From Java Language Specification - 8.5 Element Type Declaration

If a class declares a member type with a specific name, then a declaration of this type is called to hide all available declarations of member types with the same name in superclasses and superinterfaces of the class.

A class inherits from its direct superclass and direct superinterfaces, all types of infrequent members of the superclass and superinterfaces that are available for code in the class, rather than a hidden declaration in the class.

It can be concluded that:

B.Inner hiding A.Inner . B does not inherit A.Inner . A.Inner not a member of (8.2) type B C cannot inherit A.Inner from B C cannot inherit B.Inner from B because it is closed.

Therefore, C not an Inner member type. Assume that there is no other type of Inner in areas of the C environment (external class, compilation unit, package), then the type name Inner cannot be resolved.

javac trying to report a more detailed error, but this is only a guess at your intention. Even the best error message should probably include all of the above explanations.

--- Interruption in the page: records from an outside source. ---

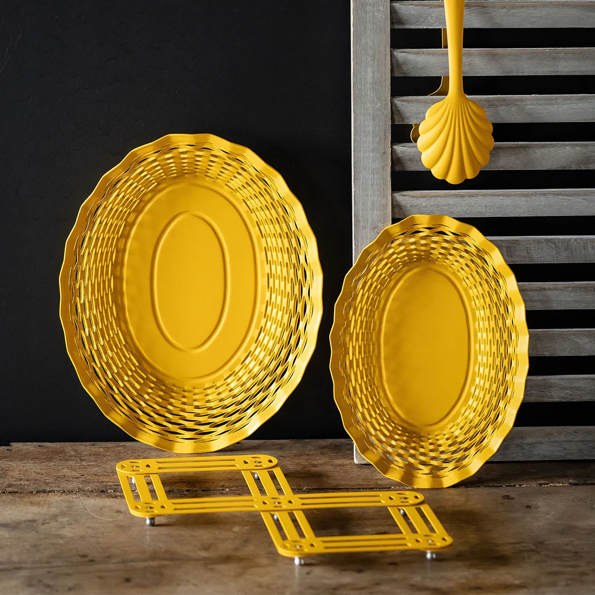 El Salvamanteles extensible inox Vintage de Roger Orfevre es la herramienta más funcional y colorida para proteger tus mesas y encimeras de cualquier cazuela, sartén o bandeja caliente que coloques encima. Fabricado en acero inoxidable, su diseño tradicional de acordeón permite abarcar una amplia superficie, por lo que es ideal tanto para utensilios pequeños, como para las cacerolas y paelleras de mayor base.
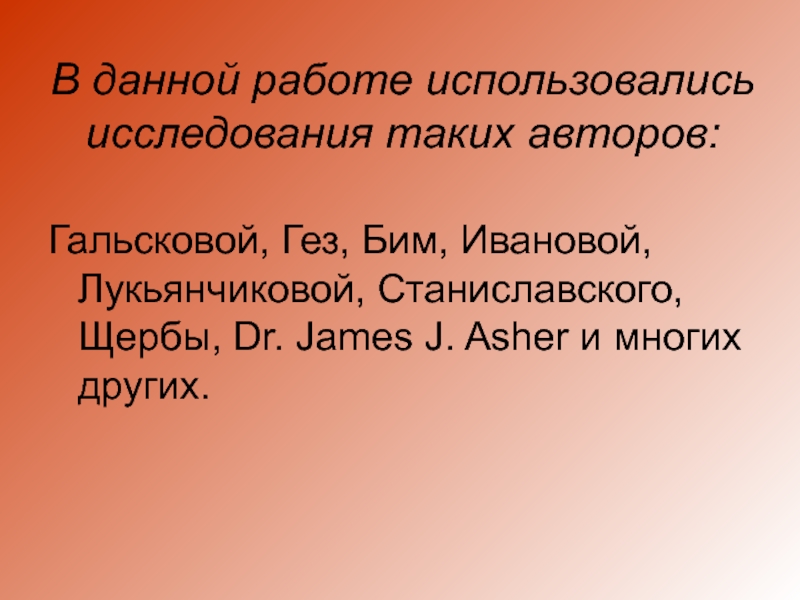 Станиславского, Щербы, Dr. James J. Asher и многих других.
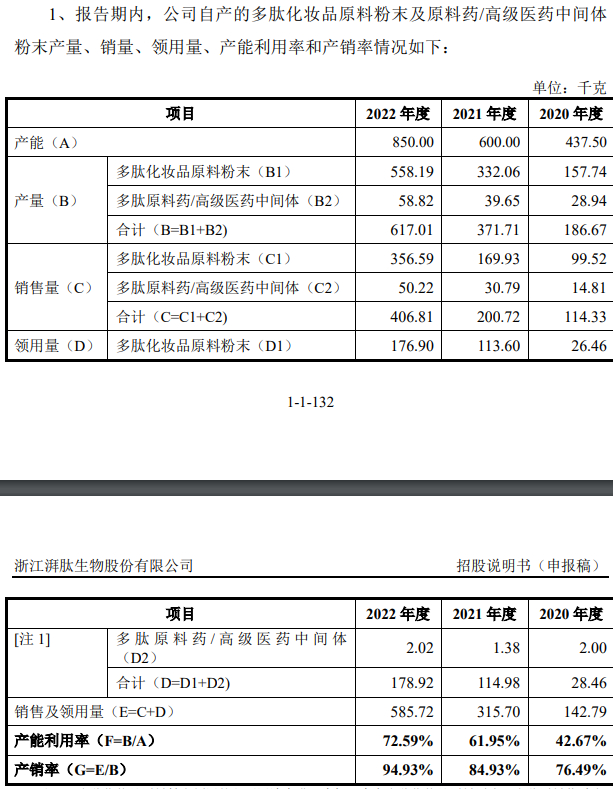 不过,湃肽生物主要产品的产能利用率并不高。2020到2022年,公司多肽化妆品原料粉末及原料药/高级医药中间体粉末的产能利用率分别为42.67%、61.95%、72.59%。虽持续提升,却仍不足8成。报告期内,多肽化妆品原料原液的产能利用率更是低于20%,分别仅为6.87%、18.06%、18.36%。

In the first example of Entry the import statement declares Entry in the entire scope of the compilation unit (that is, in the java file), so Entry allowed to be Map.Entry

IntelliJ 10.5 does not complain about the first example; apparently bug fixed. In the second example, this is still wrong.

There is something funny in private . Why does the specification explicitly exclude private members, while it already requires members to be "accessible"? In fact, B.Inner is available throughout CompileTest (6.6.1), including C C may have doStuff(B.Inner) and it will be compiled.

Probably why IntelliJ screwed up the second example; he believes B.Inner is available for C , so C inherits B.Inner . He did not take into account the proposal for the additional exclusion of private members in inheritance.

This shows two conflicting views on the scope of the private declaration. View # 1 requires the scope to be the immediate spanning class, view # 2 is the class spanning the top level. # 2 less well-known to programmers, they are surprised to learn that C can access B.Inner . # 2 can be justified as follows: all the same, they are all in one file, therefore there is no need for encapsulation, we do not protect anyone by denying access; allowing access in most cases is more convenient.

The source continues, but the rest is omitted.